Data

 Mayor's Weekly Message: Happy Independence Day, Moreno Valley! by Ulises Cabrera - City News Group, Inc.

==

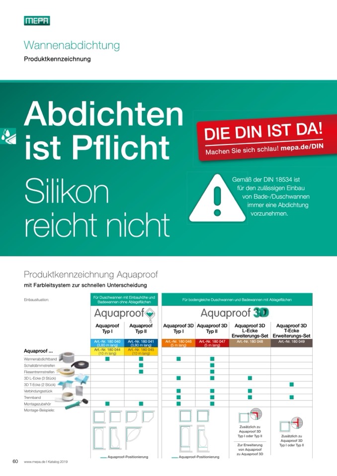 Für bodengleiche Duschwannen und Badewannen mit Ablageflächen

* * *

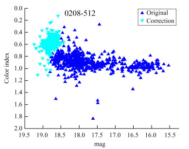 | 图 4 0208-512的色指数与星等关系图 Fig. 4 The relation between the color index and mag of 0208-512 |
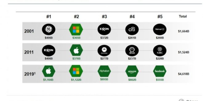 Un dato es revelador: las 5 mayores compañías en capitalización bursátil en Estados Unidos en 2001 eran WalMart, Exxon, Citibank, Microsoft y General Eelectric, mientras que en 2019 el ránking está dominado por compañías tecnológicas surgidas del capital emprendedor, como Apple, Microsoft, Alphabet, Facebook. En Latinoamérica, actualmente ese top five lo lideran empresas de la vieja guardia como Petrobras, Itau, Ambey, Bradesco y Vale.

About this task
The line holding "of 0208-512 |" starts the copy and the line holding "Un dato es revelador: las" ends it. Repeat those two lines above and all between them exactly, leaving out pictures.

Reply
 | 图 4 0208-512的色指数与星等关系图 Fig. 4 The relation between the color index and mag of 0208-512 |
 Un dato es revelador: las 5 mayores compañías en capitalización bursátil en Estados Unidos en 2001 eran WalMart, Exxon, Citibank, Microsoft y General Eelectric, mientras que en 2019 el ránking está dominado por compañías tecnológicas surgidas del capital emprendedor, como Apple, Microsoft, Alphabet, Facebook. En Latinoamérica, actualmente ese top five lo lideran empresas de la vieja guardia como Petrobras, Itau, Ambey, Bradesco y Vale.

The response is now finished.